▸ Task details
Your answer must be an exact copy of the records below, with no pictures in it.

START Task inputs

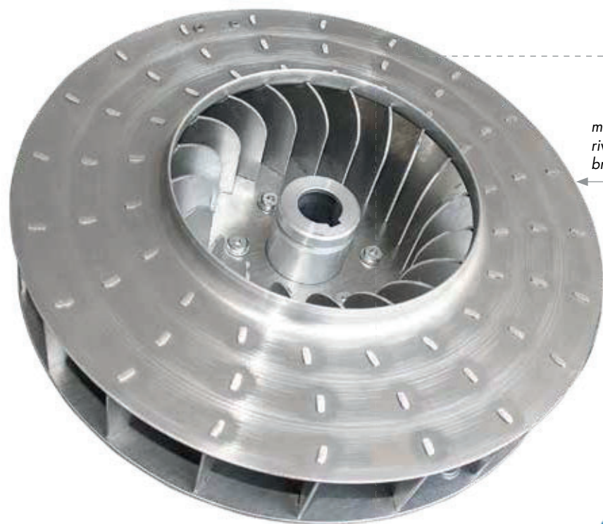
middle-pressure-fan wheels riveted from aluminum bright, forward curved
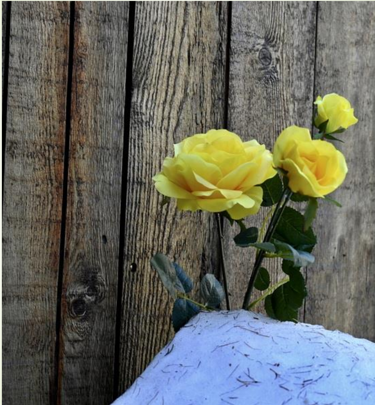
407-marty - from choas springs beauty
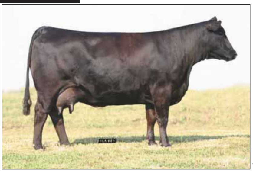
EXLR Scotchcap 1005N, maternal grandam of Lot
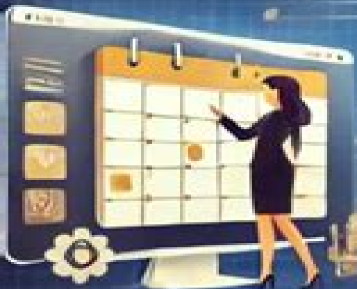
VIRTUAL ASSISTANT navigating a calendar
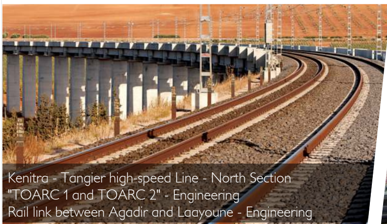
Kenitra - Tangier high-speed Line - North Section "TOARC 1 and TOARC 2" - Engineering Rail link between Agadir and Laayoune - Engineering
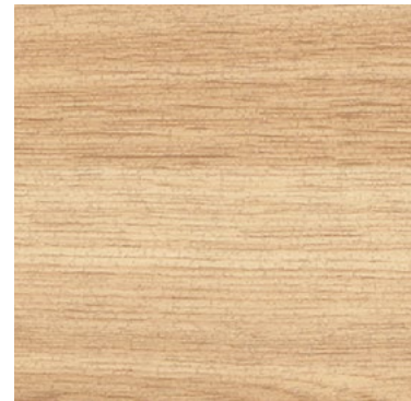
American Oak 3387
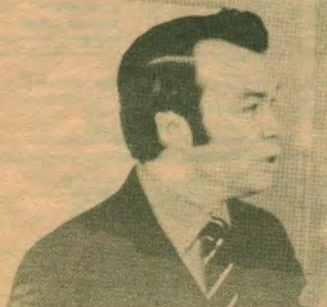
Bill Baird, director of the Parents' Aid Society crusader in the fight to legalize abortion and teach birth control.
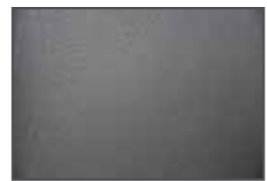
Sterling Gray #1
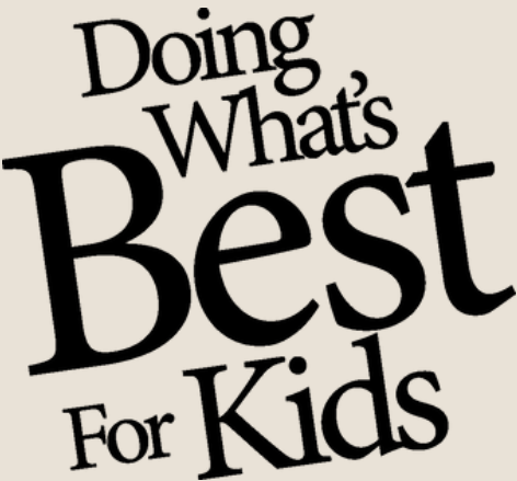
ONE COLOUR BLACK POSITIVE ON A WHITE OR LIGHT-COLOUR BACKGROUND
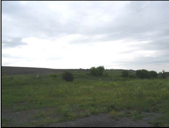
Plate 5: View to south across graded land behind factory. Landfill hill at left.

END Task inputs

▸ Written reply
middle-pressure-fan wheels riveted from aluminum bright, forward curved
407-marty - from choas springs beauty
EXLR Scotchcap 1005N, maternal grandam of Lot
VIRTUAL ASSISTANT navigating a calendar
Kenitra - Tangier high-speed Line - North Section "TOARC 1 and TOARC 2" - Engineering Rail link between Agadir and Laayoune - Engineering
American Oak 3387
Bill Baird, director of the Parents' Aid Society crusader in the fight to legalize abortion and teach birth control.
Sterling Gray #1
ONE COLOUR BLACK POSITIVE ON A WHITE OR LIGHT-COLOUR BACKGROUND
Plate 5: View to south across graded land behind factory. Landfill hill at left.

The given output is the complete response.